Silence on the line. He looked around. So now he was hearing things—though he didn’t even believe
that.

“Jay?”

“Dad—”

What was that note in her voice? Was Jay on the verge of
tears
?

“You know, Dad, it’s been really hard since Mom died,” Jay whispered. “I know it’s been hard for you, too. But sometimes . . . sometimes . . .”

“What is it, Jay?” Lewis asked. “Please. Talk to me.”

“Sometimes it feels like . . . I don’t know, you have so many
expectations
of me.” Jay coughed. “Look, Dad, I don’t want you to take this the wrong way. It’s just that sometimes I feel like I don’t have enough
space
in my life. I’m not blaming you. It’s like you
need
so much, and I can never give you enough.”

“You’re a single mother,” Lewis said, keeping his voice delicate, unable to deal with the sobbing note in his daughter’s voice. “The demands on you are incredible.”

Had he
really
heard Anna’s voice saying his name?

“I know that, Dad. It’s just that—”

“What, honey? Tell me.”

“I’m
trying
to, Dad.” Jay exhaled sharply. “Dad, can you just let me
talk
?”

“I’m sorry, I’m sorry,” Lewis said.

“I just need space,” Jay said in a defeated voice. “That’s all I can say. I feel like I don’t have any space.”

“Mama!” Ramona called out.

“What?”
Jay yelled.

“Nothing,” Lewis heard Ramona say, in a voice of heartbreaking quietness.

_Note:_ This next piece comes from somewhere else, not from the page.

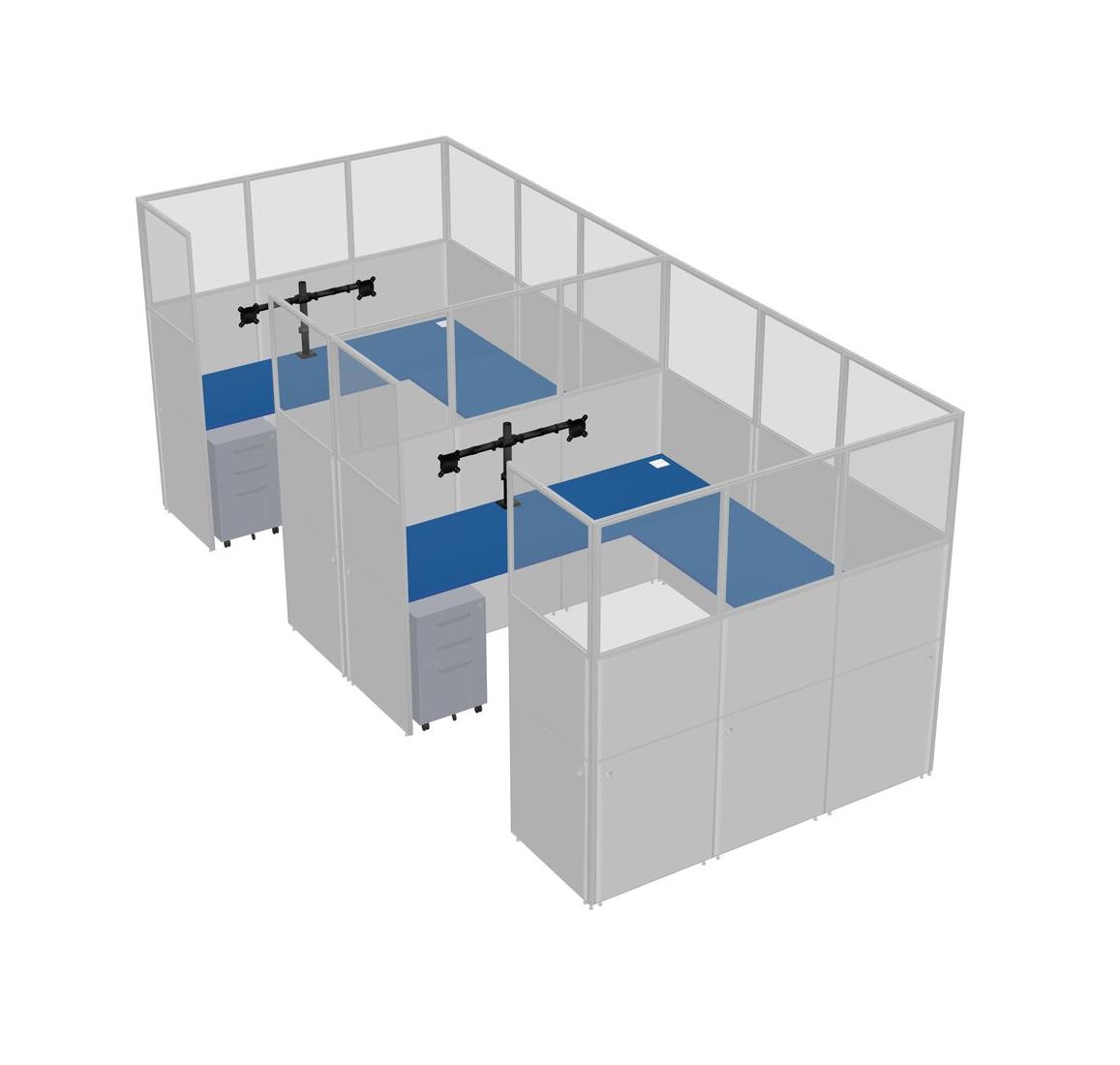 Prism Blue U-shaped Panel System For 2 Person + Monitor Arm (double Arms) + Metal Mobile Drawers For 2 User(s)

Enough, Lewis thought. This had gone too far. Yes, Jay had burdens and pressures, but Lewis had always tried to make things better. Every scraped knee, every bad test score and blow to her ego, even her disastrous pregnancy—hadn’t Lewis been there for all of them? Didn’t he specialize in being the custodian of Jay Ingraham?

“Dad? Are you there?”

And now Stephen, the master propagandist, had constructed a fairly tale in which Lewis was the big bad wolf. So he could use Jay up, and move on when he became bored. Well, it wasn’t going to work.

Right?
he asked the empty room.

“Dad?” Jay repeated.

“Yes, honey, I’m here,” Lewis said. “Whatever you need, I’m here.”

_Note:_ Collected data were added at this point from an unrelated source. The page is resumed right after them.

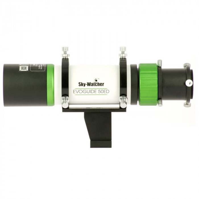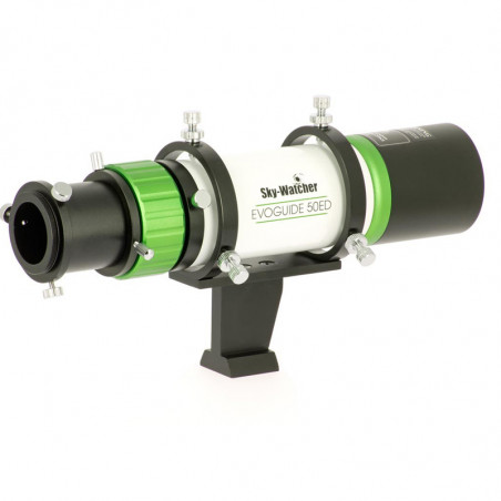 El Evoguide ED50 está equipado con anillas de guiado para permitir el posicionamiento y la búsqueda de la estrella guía, cada uno con 3 tornillos de ajuste con punta de nylon. Se adapta al telescopio como un buscador, ya que la base de las anillas es de tipo estándar de buscador tipo Synta, Orion, Vixen, etc. Permite el uso en guiado para todo tipo de instrumentos de hasta aproximadamente 1000 mm de distancia focal.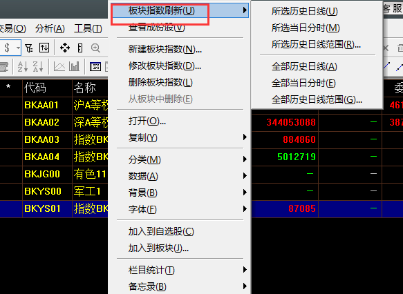 板块指数只能刷新历史日线数据,分钟数据只能是当天自己刷新,然后自己积累保存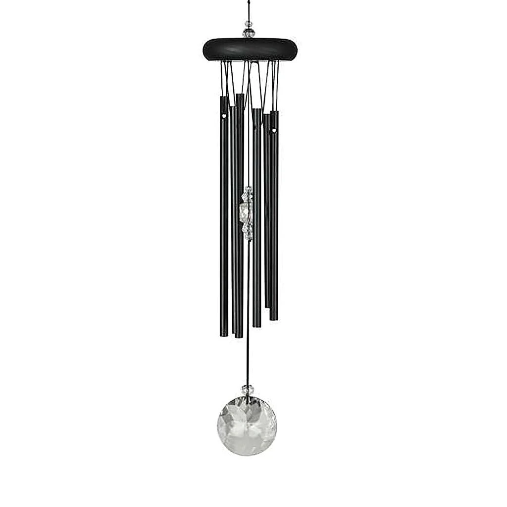 Schwarzes Garten Klangspiel Mit Eschenholz & Kristallglas – Crystal Meditation

“Dad, don’t talk to Stephen anymore.”

“I don’t know if I can promise that.”

“Dad.”

“All right, I won’t speak to him.”


Good.
Thank you.”

After they hung up, Lewis went through every room in the house, looked in every closet. He went twice around the backyard and then searched the basement and the third floor, where the detritus of his married life was stacked in unruly piles of boxes. Carew followed his every step, strangely calm and reverential.

Lewis couldn’t shake the feeling that Anna was there. It was as though he sensed her around every corner, but as soon as he arrived there she vanished.

“I’m sorry for what I did,” he said. “I was trying to help you.”

He felt on the verge of finding her, but didn’t. Not that night.

Later, lying on the downstairs sofa in the dark of night, he thought about Stephen. He had problems to solve, and he was going to fix things before it was too late. Perhaps only then would he truly find her.

13. THEY HAD RIDDEN THE SWEET WAVE OF LUST; NOW IT WAS OVER.

W
hen Jay got up in the morning she found that her practice of sleeping with the window cracked open had backfired: the first sight of the new day was her breath condensing in a cloud before her eyes. She shivered, got up from under her thick down comforter, and crossed the room. What she saw outside made her gasp.

It had snowed during the night, about four or five inches’ worth. Yesterday’s dull gray landscape, the color of a sparrow’s wings, had turned into a sedate canvas of white. Old forms reduced themselves to vague outlines and gentle curves. Jay shut the window.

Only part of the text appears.